# Exercise aim:
Copy the complete listing word for word, but do not carry over any images.

[Collected data]

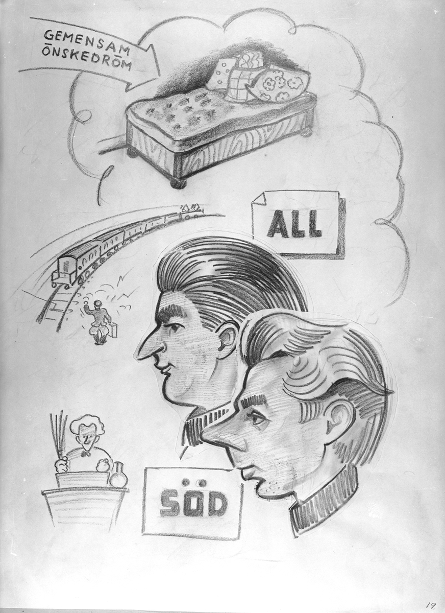 Karikatyrbild av militärer ur flygvapnet, 1930-tal. Märkt 'ALL', "SÖD'. Avfotograferad teckning.
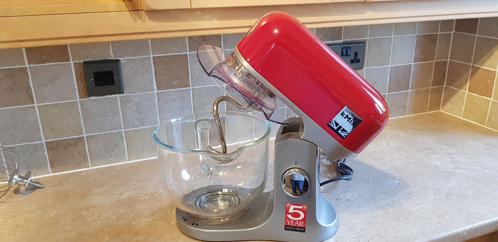 The mixer does come in four colours being red, black, cream and what looks like grey on the box but I could be wrong. We were sent the …. one and it looks great. You can expect the same level of quality as the last Kenwood mixer we took a look at too.
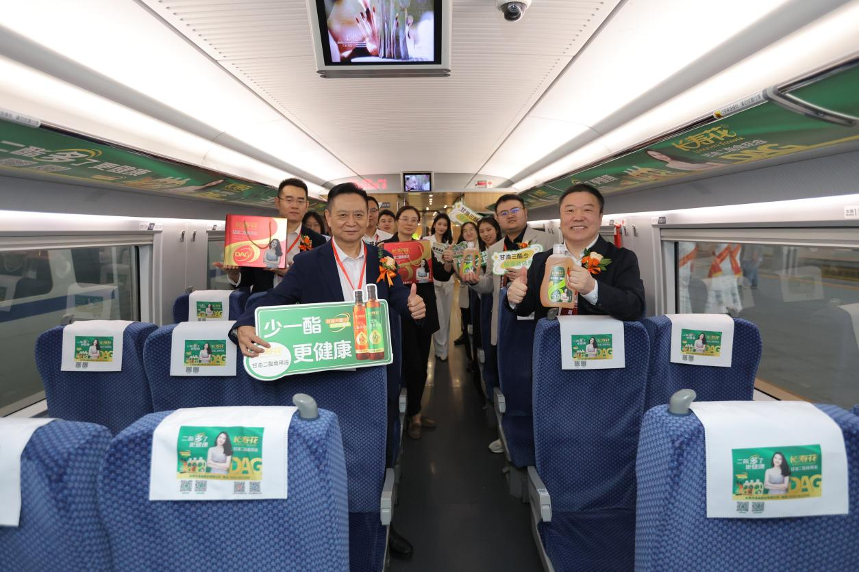 在熱烈的掌聲中,與會領導嘉賓共同為列車首發(fā)剪彩。這場獨具匠心的儀式,一端是長壽花食品帶來的健康新選擇——甘油二酯食用油,以創(chuàng)新科技重新定義健康飲食;另一端則是中國高鐵,以世界矚目的“中國速度”展現(xiàn)國家工業(yè)實力。當健康飲食的“科技力”遇上中國制造的“硬實力”,這不僅是一次品牌跨界,更是創(chuàng)新科技與國家戰(zhàn)略的深度融合,健康中國戰(zhàn)略正搭載新時代發(fā)展快車,全速駛向未來。

[/Collected data]

# Task output:
 Karikatyrbild av militärer ur flygvapnet, 1930-tal. Märkt 'ALL', "SÖD'. Avfotograferad teckning.
 The mixer does come in four colours being red, black, cream and what looks like grey on the box but I could be wrong. We were sent the …. one and it looks great. You can expect the same level of quality as the last Kenwood mixer we took a look at too.
 在熱烈的掌聲中,與會領導嘉賓共同為列車首發(fā)剪彩。這場獨具匠心的儀式,一端是長壽花食品帶來的健康新選擇——甘油二酯食用油,以創(chuàng)新科技重新定義健康飲食;另一端則是中國高鐵,以世界矚目的“中國速度”展現(xiàn)國家工業(yè)實力。當健康飲食的“科技力”遇上中國制造的“硬實力”,這不僅是一次品牌跨界,更是創(chuàng)新科技與國家戰(zhàn)略的深度融合,健康中國戰(zhàn)略正搭載新時代發(fā)展快車,全速駛向未來。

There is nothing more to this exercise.